So he looks for people who will fix something and then figure out a way so that they never have to do that task again. “That’s a virtue. We want people to be in that position. We say you should automate yourself out of a job every 18 months.”

To work in O’Connor’s team you also need to have a healthy dose of cop-on, he says.

“People who can approach a problem from first principles and think about it not in terms of what they’ve seen before or taught or experience. We attract people who like to build stuff, who thrive on ambiguity. When a problem comes out of left field they say ‘let’s see where that takes us’.”
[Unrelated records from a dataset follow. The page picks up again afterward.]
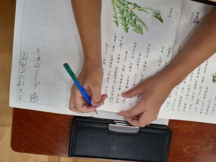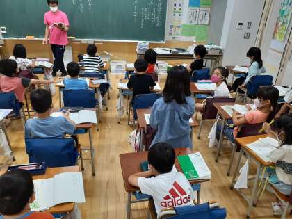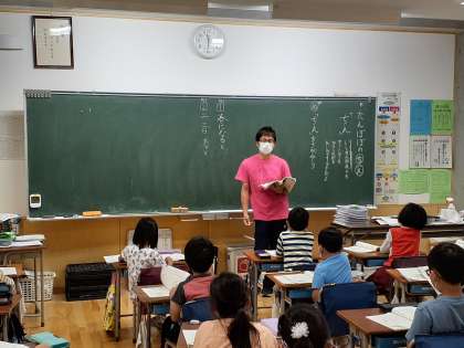国語の時間です。文のまとまりを見付けながら、たんぽぽのちえを探しています。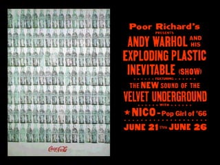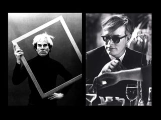 Andy Warhol foi um pintor e cineasta americano, ícone do movimento Pop Art. Ele se tornou famoso por suas pinturas de ícones da cultura popular e pelo uso da serigrafia para reproduzir imagens em massa. Warhol questionou a noção de celebridade e a impersonalidade dos objetos de consumo em massa.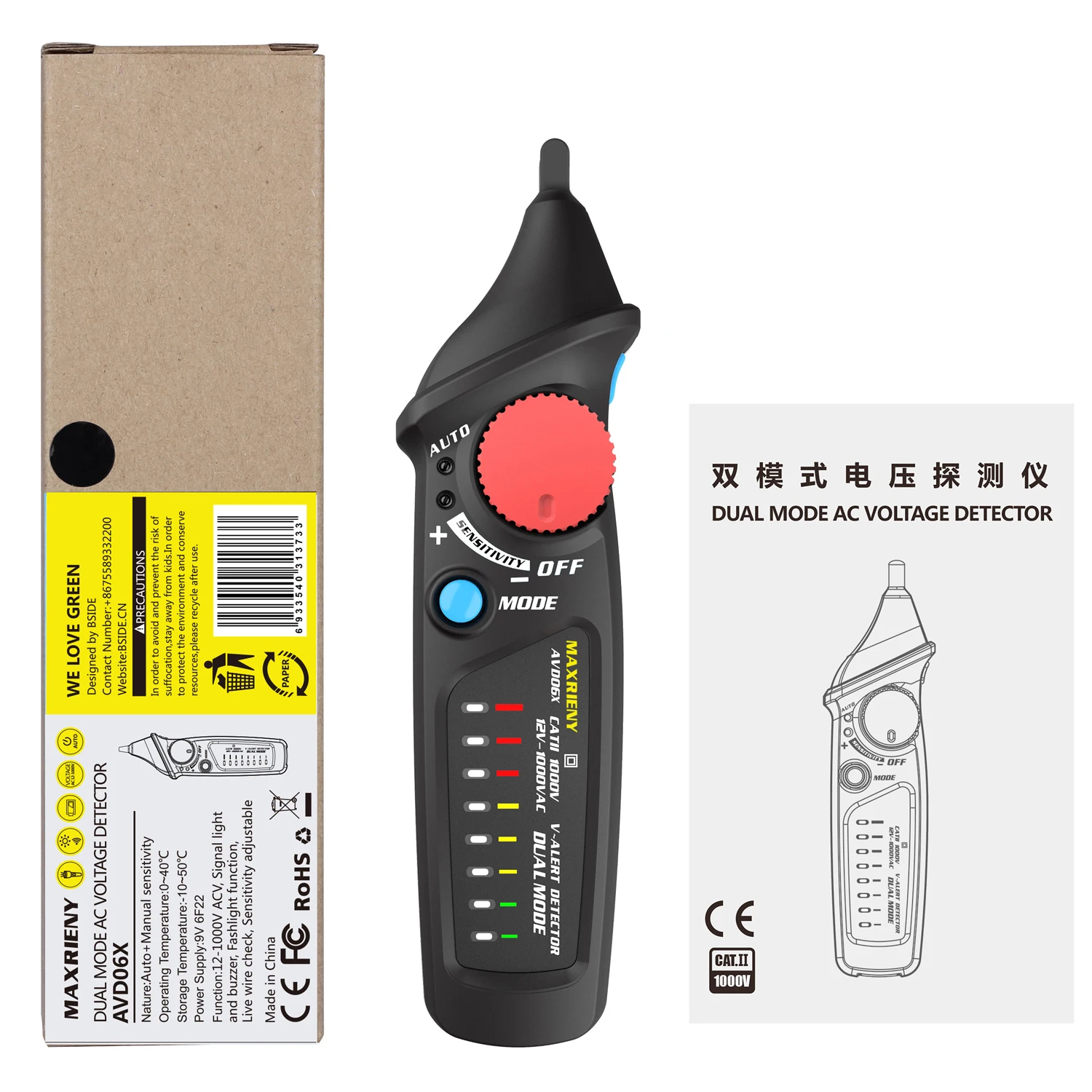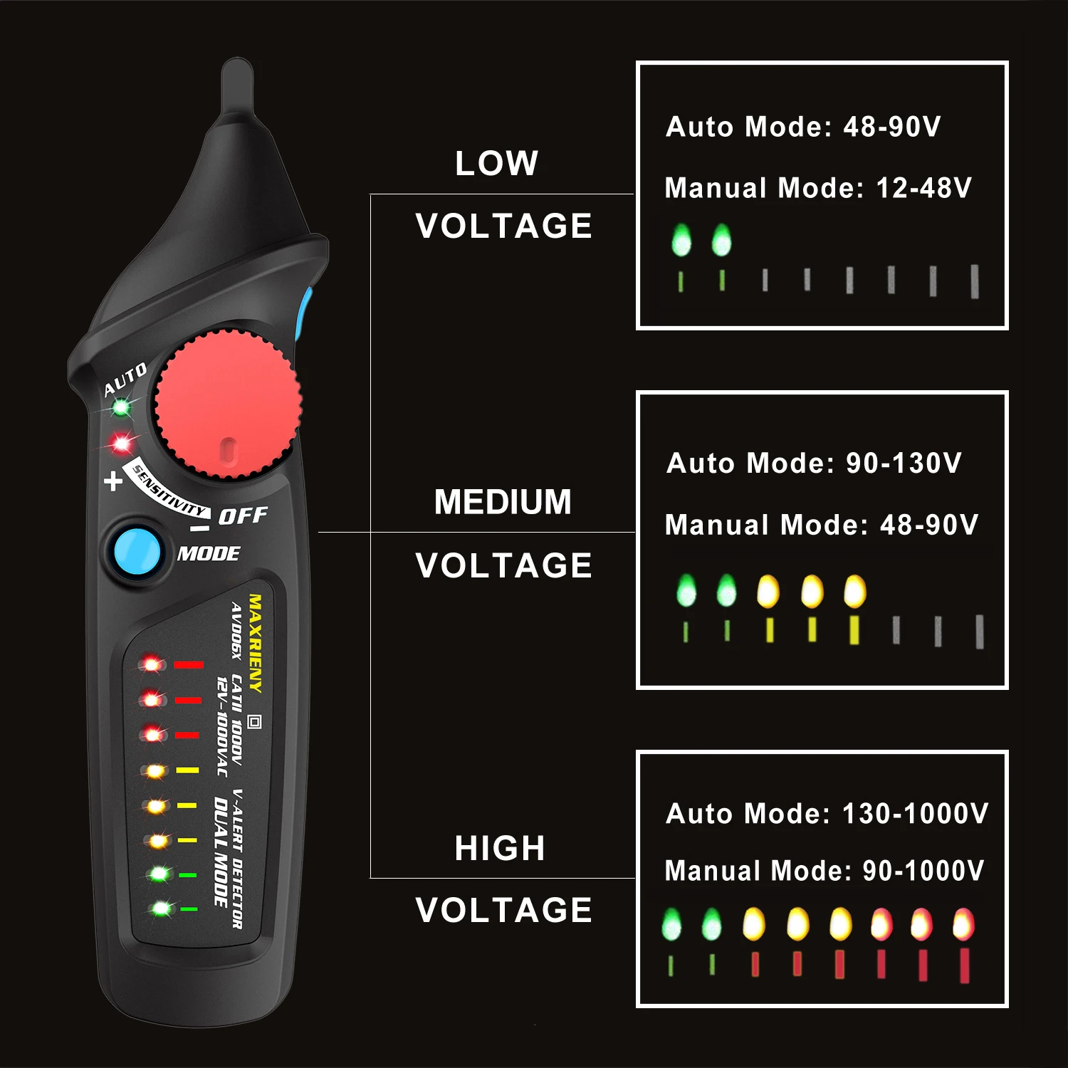 Двойной режим: этот детектор напряжения оснащен ручным/автоматическим режимом, его удобно обнаруживать и указывать на наличие напряжения переменного тока в автоматическом режиме или применять для большего количества случаев в ручном режиме.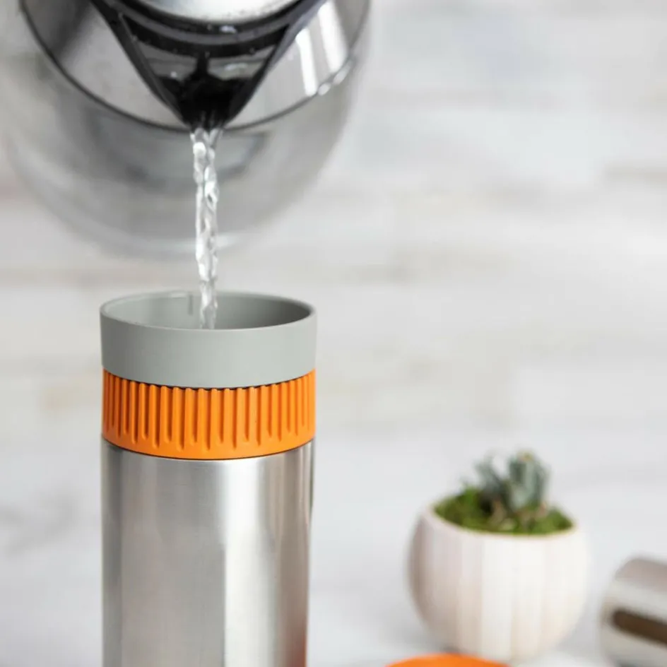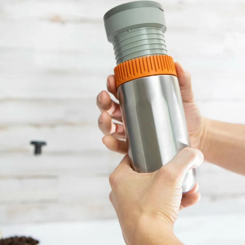Dann steckst du das Wasserreservoir in den Edelstahl-Thermobecher und füllst es bis zur Markierung mit heißem Wasser. Anschließend legst du den Kaffeefiltereinsatz von oben ins Wasserreservoir, wo er auf den Becherboden absinkt. Nun setzt du den Deckel auf und drehst am orangenen Ring, bis sich das Reservoir vollständig aus dem Becher geschraubt hat.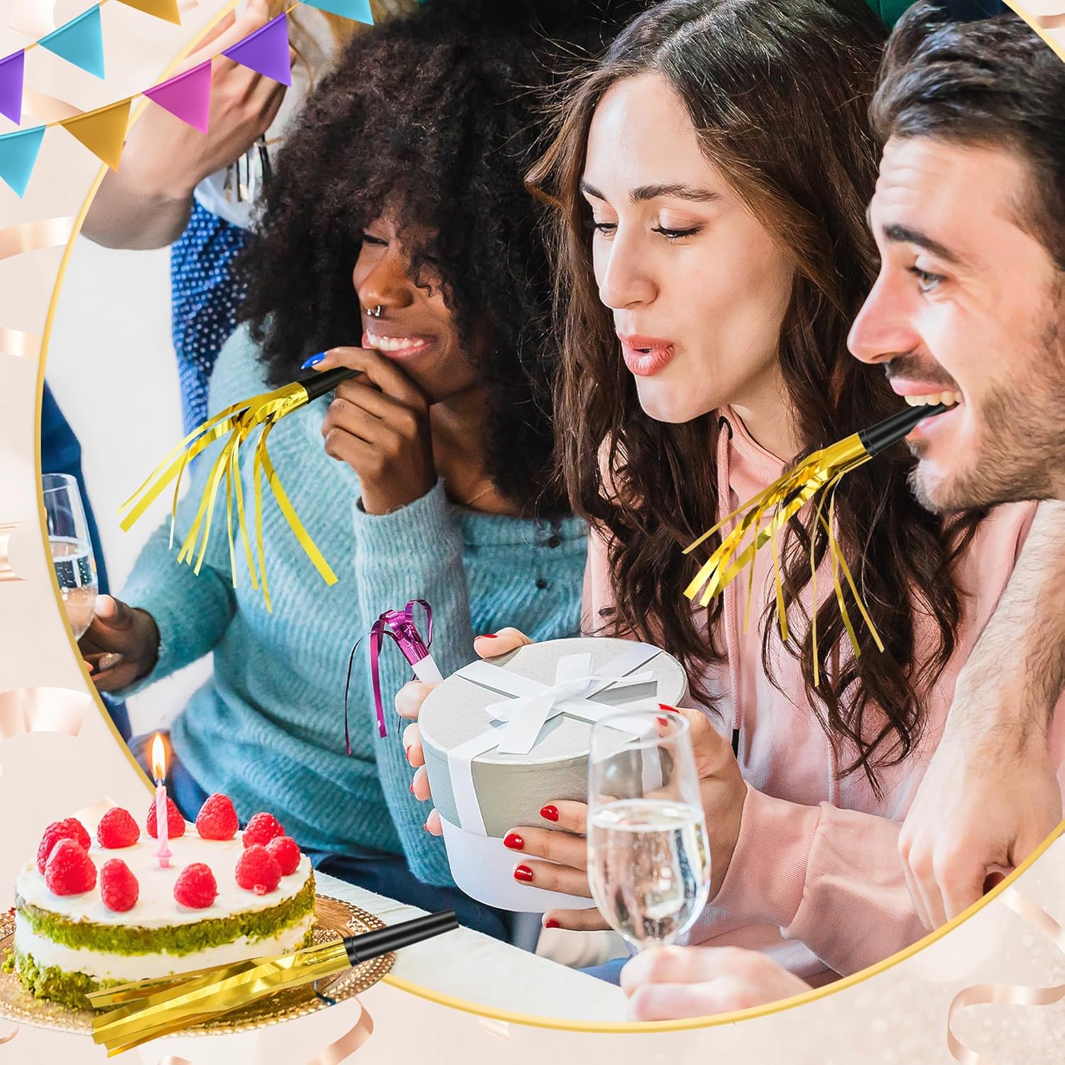 24 Pcs Glitter Noise Makers Metallic Fringed Party Blower for Adults Birthday Graduation New Years Party Favors Supplies (Gold)

O’Connor’s official title is director of SRE Dublin and Global SRE lead for Infrastructure Storage. The site reliability team in Ireland was formed in 2004, the same year that O’Connor joined Google. It has been growing ever since, and is now central to Google’s infrastructure.

Engineering team

It’s not the only engineering team in Dublin; there is also a network engineering team which is another crucial part of Google’s infrastructure.

“When I graduated from college in 2001 it was with an expectation that I would be writing software to ship on CD or – this brand new thing – that people would download it from the internet and install it on their PCs,” he says. “Most software engineers of my generation would be of that ilk, that your problems end when you ship your software.”

That’s no longer the case. In fact, deploying software into an environment where more and more demands are placed on it is just the start of the problems. Neither software nor the tech environment in general stand still, so software over time can become less reliable and stop working just when you need it most. That’s where the SRE team does its work. It may not be the first thing that people associate with innovation, but it is an important one.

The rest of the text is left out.